__Action item__: A faithful, word-for-word copy of the data below is required, without pictures.

__Data excerpt__:

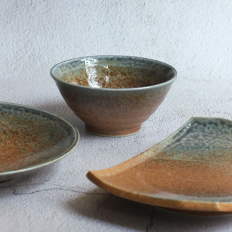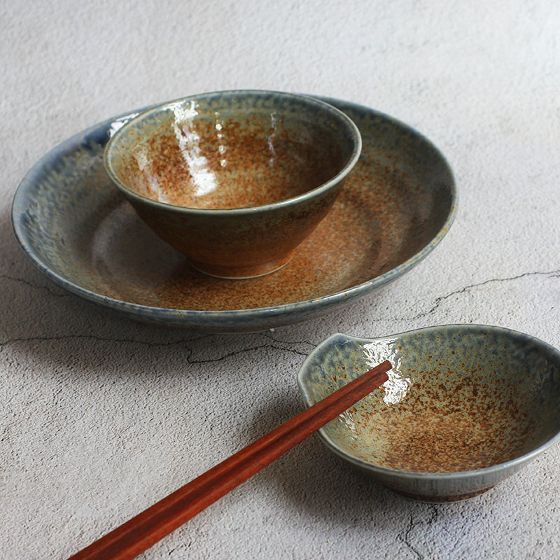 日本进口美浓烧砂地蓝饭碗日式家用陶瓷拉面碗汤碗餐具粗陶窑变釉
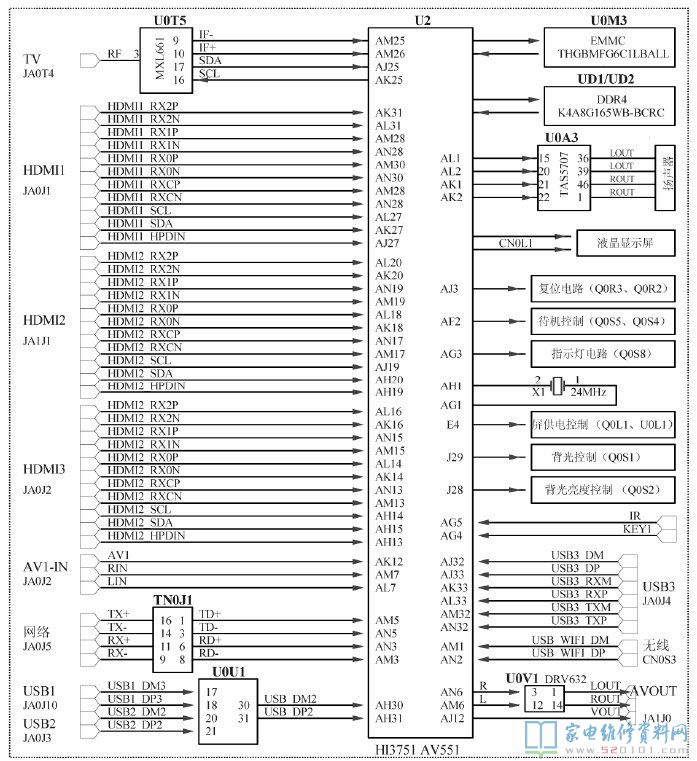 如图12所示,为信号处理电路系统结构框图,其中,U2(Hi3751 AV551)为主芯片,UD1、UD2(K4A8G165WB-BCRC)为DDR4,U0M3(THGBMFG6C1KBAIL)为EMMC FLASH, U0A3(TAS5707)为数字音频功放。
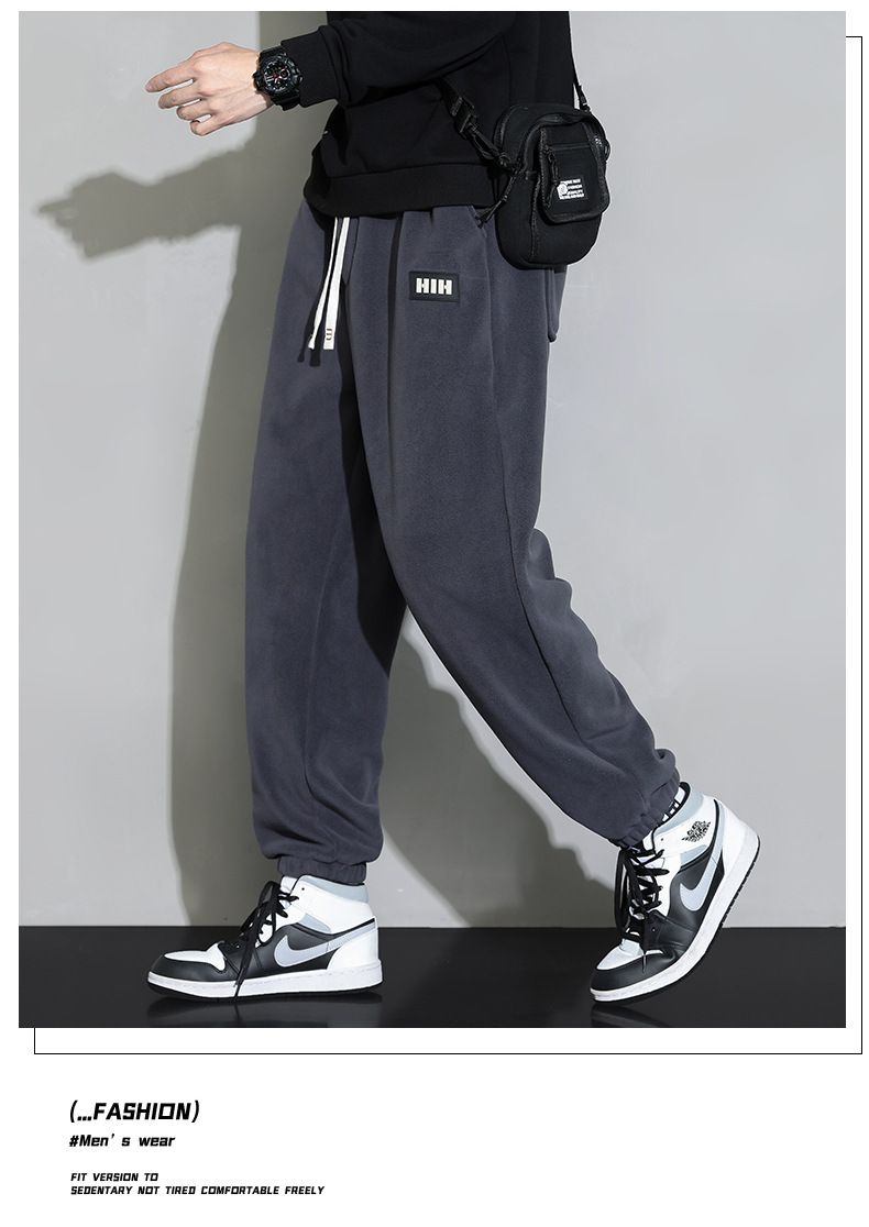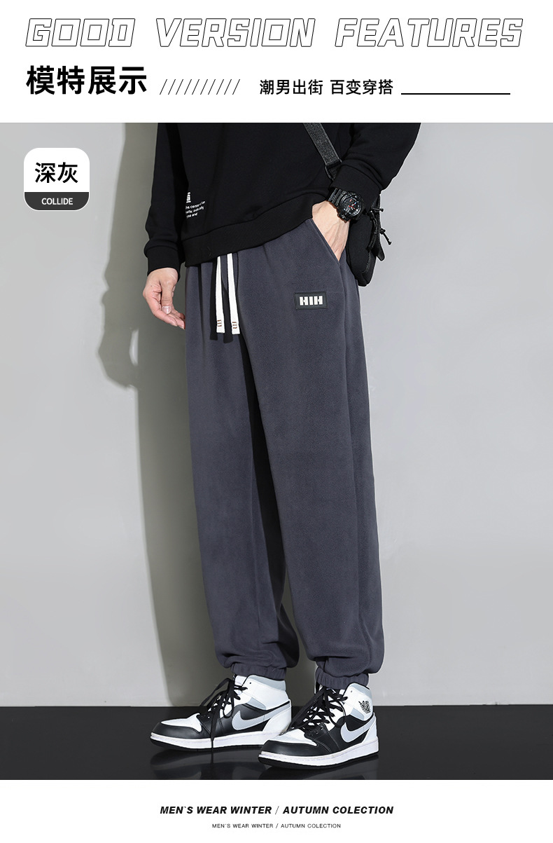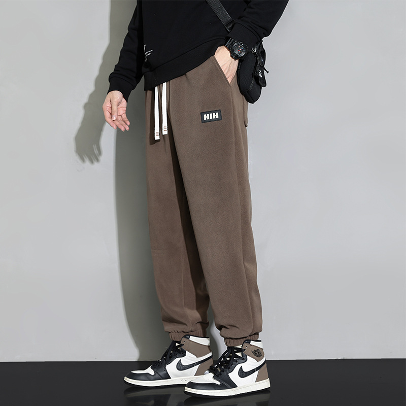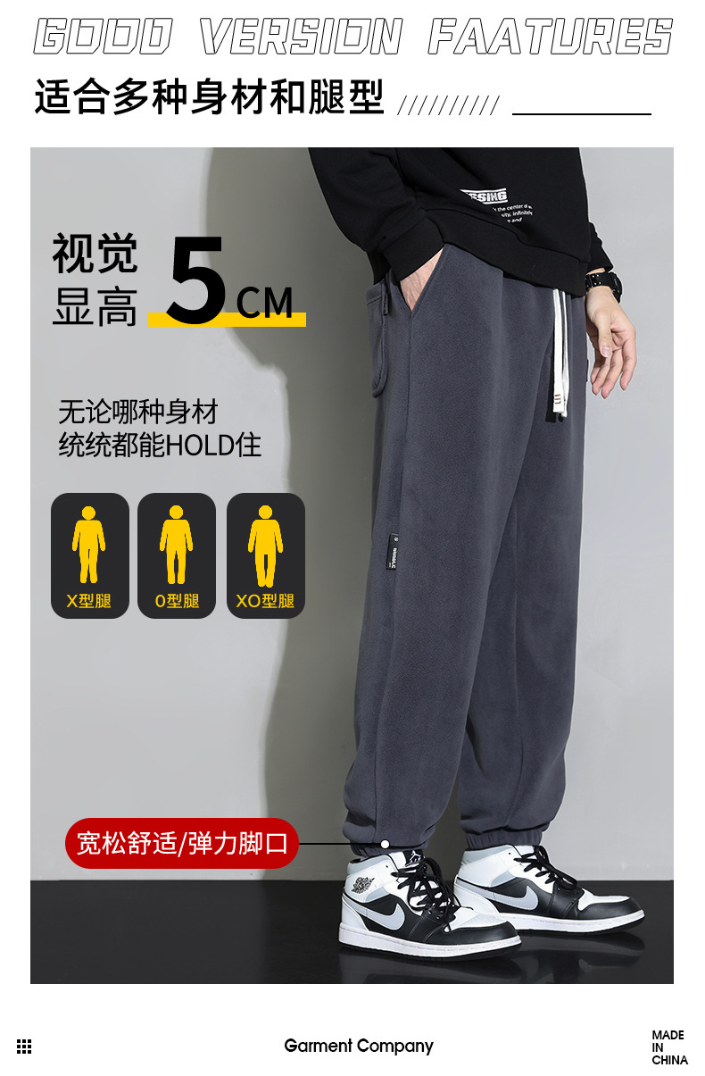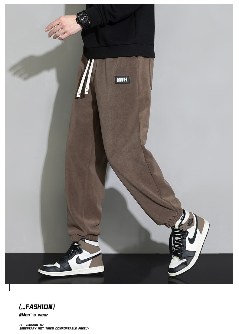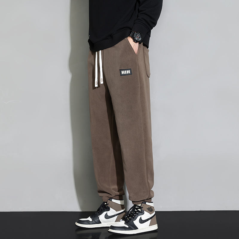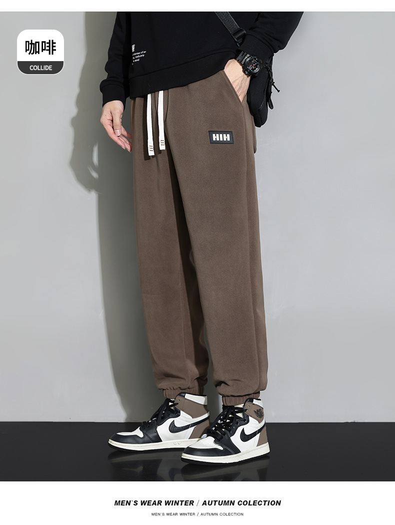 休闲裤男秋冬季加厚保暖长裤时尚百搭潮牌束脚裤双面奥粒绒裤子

__Expected answer__:
 日本进口美浓烧砂地蓝饭碗日式家用陶瓷拉面碗汤碗餐具粗陶窑变釉
 如图12所示,为信号处理电路系统结构框图,其中,U2(Hi3751 AV551)为主芯片,UD1、UD2(K4A8G165WB-BCRC)为DDR4,U0M3(THGBMFG6C1KBAIL)为EMMC FLASH, U0A3(TAS5707)为数字音频功放。
 休闲裤男秋冬季加厚保暖长裤时尚百搭潮牌束脚裤双面奥粒绒裤子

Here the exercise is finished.